Он снял свои большие очки. Протер их углом фартука, близоруко прищурился, глядя в окно.
—Твоя мама неплохая,— сказал он.— Она делала, что могла. Но не смогла жить с нами — не справилась. Так что лучше, если ты останешься у меня.
Он сделал большой глоток молока из стакана и снова принялся за еду, давая понять, что тема закрыта; но я еще не обо всем высказалась.
—А если не плохая, почему же она такая?
—Какая?
—Почему она не хочет быть моей мамой?
Мой голос задрожал, и папа поднял глаза. Затем он протянул свою большую руку через стол и взял в нее мою.
—Знаешь, по-моему, она ничего так сильно не желала, как быть твоей мамой. Честно старалась, только у нее не получилось. И она в этом не виновата. Не злись на нее, это неразумно. Мы должны быть ей благодарны.
—Благодарны? За что?
—Она родила тебя в этот мир, подарила тебя мне.
Он стиснул мою руку и ласково улыбнулся, затем воткнул вилку в кусок свеклы.
—Ну, карапузик, доедай.
Больше мы с ним об этом не говорили, но именно с тех пор я перестала называть ее мамой. Не уверена, что она это заметила.
У меня был период, когда я пыталась понять ее болезнь, читала книги, адресованные людям, у которых родители страдают душевными расстройствами, но не нашла в них ответа на свои вопросы. Гудрун Ольга не обращалась со мной жестоко, не сделала мне ничего плохого — только оставила на попечение тихони ученого, который любил меня и постарался дать мне достойное воспитание. Если не считать обильного табачного дыма, научных статей и обработанных мясных продуктов, в детстве мне было не на что жаловаться.

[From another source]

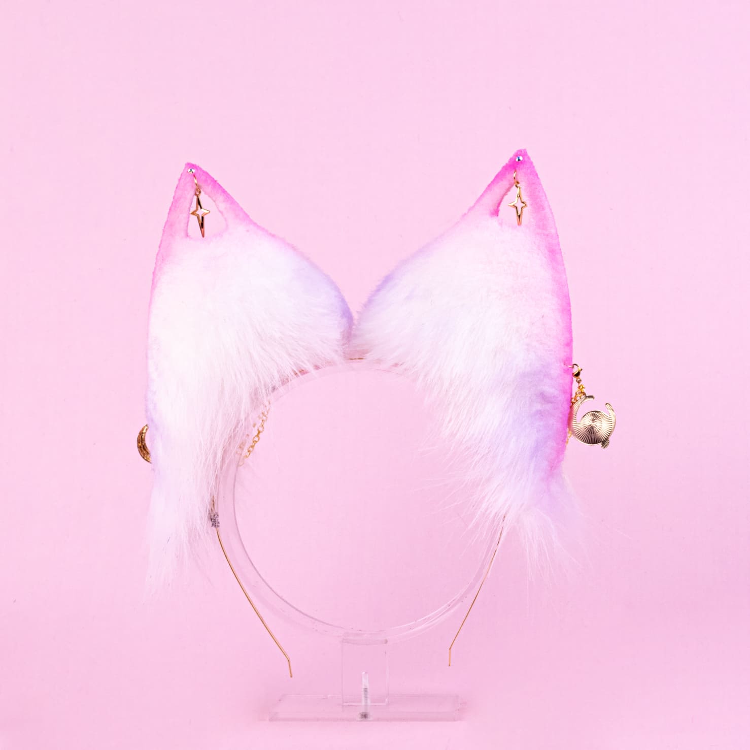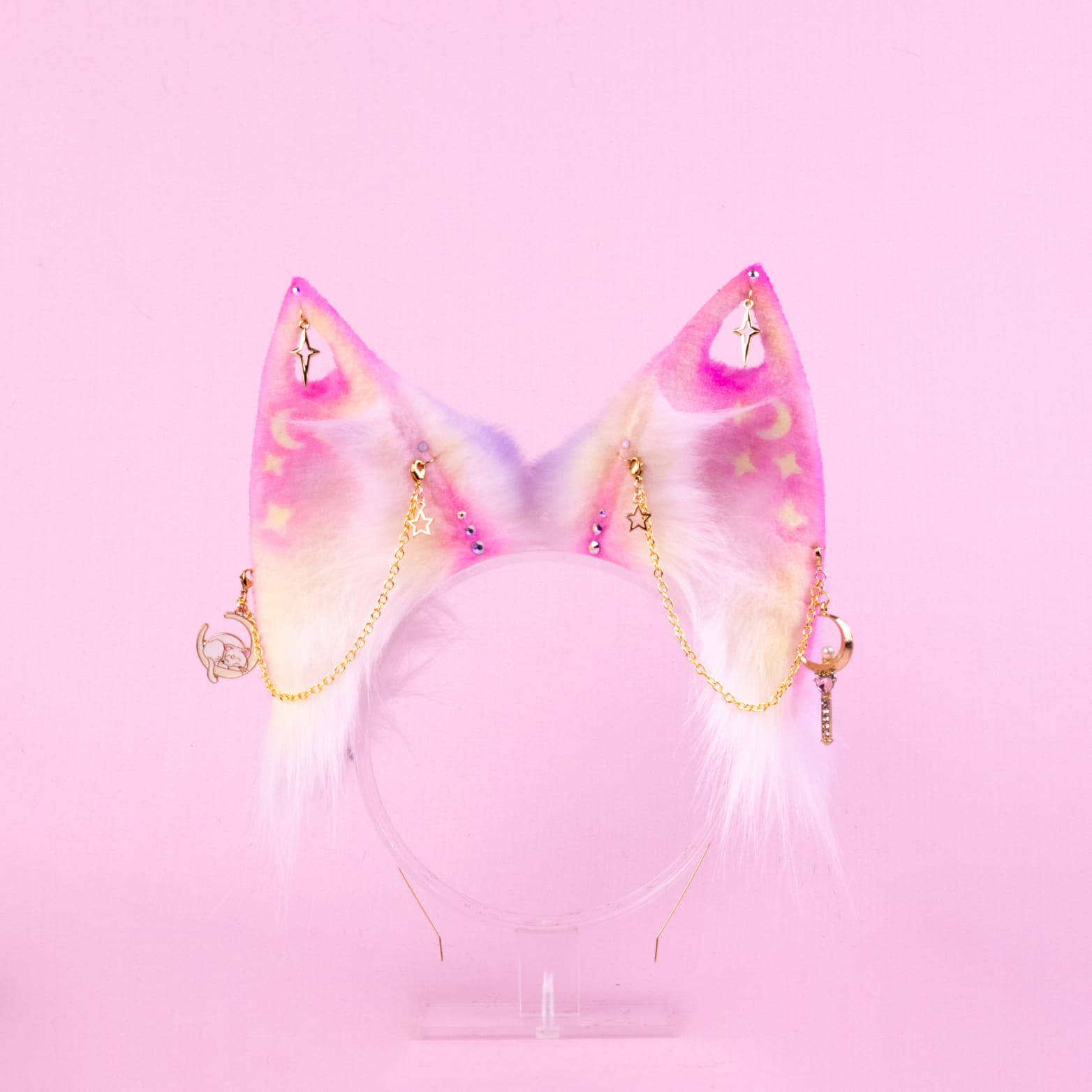 Pink foxy ears, approximately 4.5 inches, decorated with airbrushing, piercing, rhinestones, chains and themed pendants. Ears are fully wired and posable on a metal headband. Made of luxury quality faux fur and crystals.

Она лежит при смерти — и я рядом, слушаю ее последние хриплые вдохи. На дворе лето, из окна льется свет, хотя время около полуночи. Она уже много дней не приходила в сознание. Юго-западную оконечность продолжает трясти, сейчас на это вообще мало кто обращает внимание, а уж в хосписе и подавно. Родня и санитары поправляют картинки с ангелами на стенах, подбирают лепестки, осыпавшиеся с лилий в хрустальных вазах, а затем садятся на края кроватей и продолжают ждать — как и я жду у изголовья Гудрун Ольги. По ее жилам течет морфий, он облегчает страдания, но также и отнимает у нее последние крохи осознанного бытия, возможность открыть глаза и увидеть меня, попрощаться со мной. Попросить у меня прощения? Признаться, что любит меня, раскаяться — именно сейчас, на этих последних метрах, хотя полвека назад она сама отказалась от меня? Я должна была бы оплакать последнюю возможность побыть ее дочерью, но я ничего не чувствую кроме беспокойства: на работе дел невпроворот, а я торчу здесь! У этой почти чужой женщины.